Data records:
====

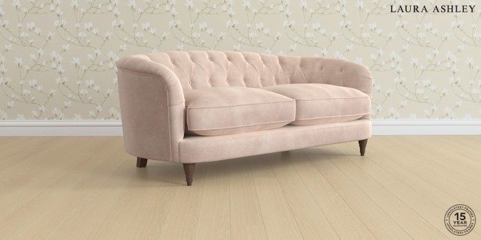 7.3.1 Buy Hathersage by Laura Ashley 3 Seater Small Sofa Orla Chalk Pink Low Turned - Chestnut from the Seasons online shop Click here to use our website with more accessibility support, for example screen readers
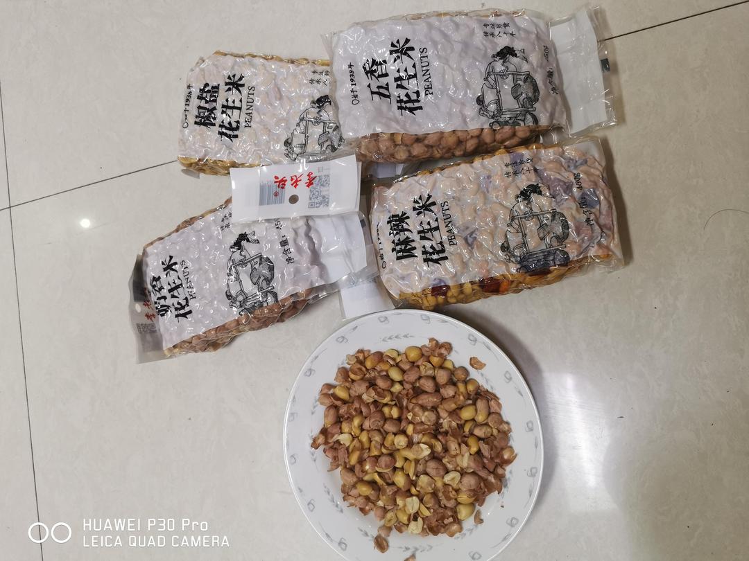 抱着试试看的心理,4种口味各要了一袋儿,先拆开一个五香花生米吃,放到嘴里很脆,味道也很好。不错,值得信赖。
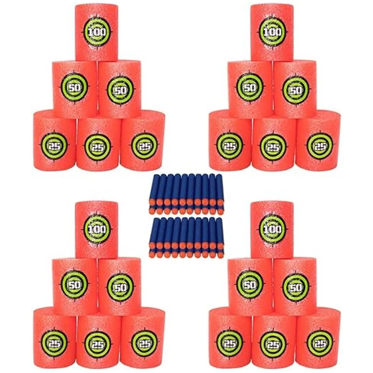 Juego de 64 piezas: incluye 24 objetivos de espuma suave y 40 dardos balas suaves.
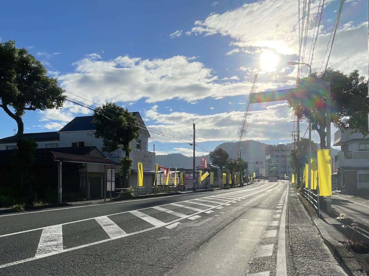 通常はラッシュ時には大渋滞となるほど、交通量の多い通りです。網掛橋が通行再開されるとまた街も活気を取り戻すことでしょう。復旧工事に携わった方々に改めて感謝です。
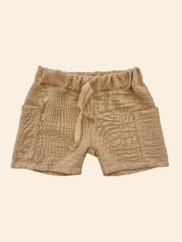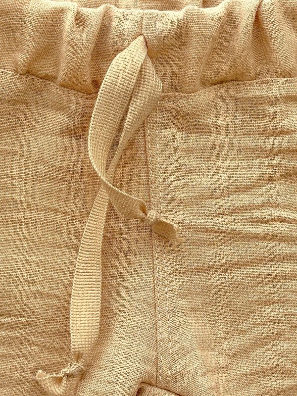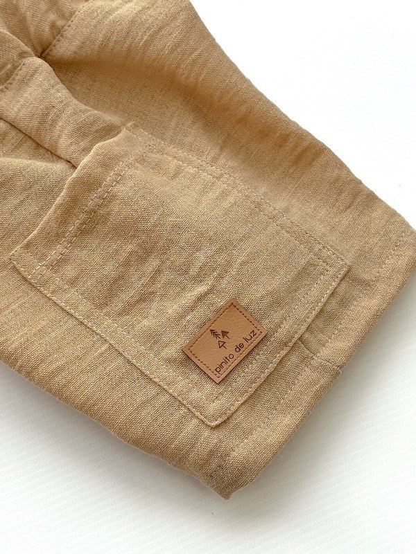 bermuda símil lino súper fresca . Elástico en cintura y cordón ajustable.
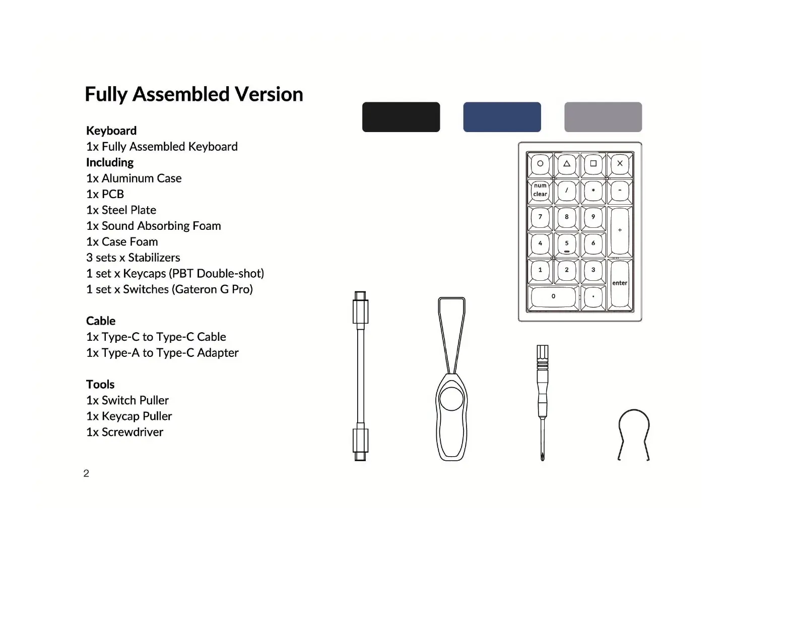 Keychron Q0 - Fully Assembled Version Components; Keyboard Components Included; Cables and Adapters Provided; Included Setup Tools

====

→ Required work
Your reply should repeat the entries above exactly, leaving the pictures out.

→ Completed task
 7.3.1 Buy Hathersage by Laura Ashley 3 Seater Small Sofa Orla Chalk Pink Low Turned - Chestnut from the Seasons online shop Click here to use our website with more accessibility support, for example screen readers
 抱着试试看的心理,4种口味各要了一袋儿,先拆开一个五香花生米吃,放到嘴里很脆,味道也很好。不错,值得信赖。
 Juego de 64 piezas: incluye 24 objetivos de espuma suave y 40 dardos balas suaves.
 通常はラッシュ時には大渋滞となるほど、交通量の多い通りです。網掛橋が通行再開されるとまた街も活気を取り戻すことでしょう。復旧工事に携わった方々に改めて感謝です。
 bermuda símil lino súper fresca . Elástico en cintura y cordón ajustable.
 Keychron Q0 - Fully Assembled Version Components; Keyboard Components Included; Cables and Adapters Provided; Included Setup Tools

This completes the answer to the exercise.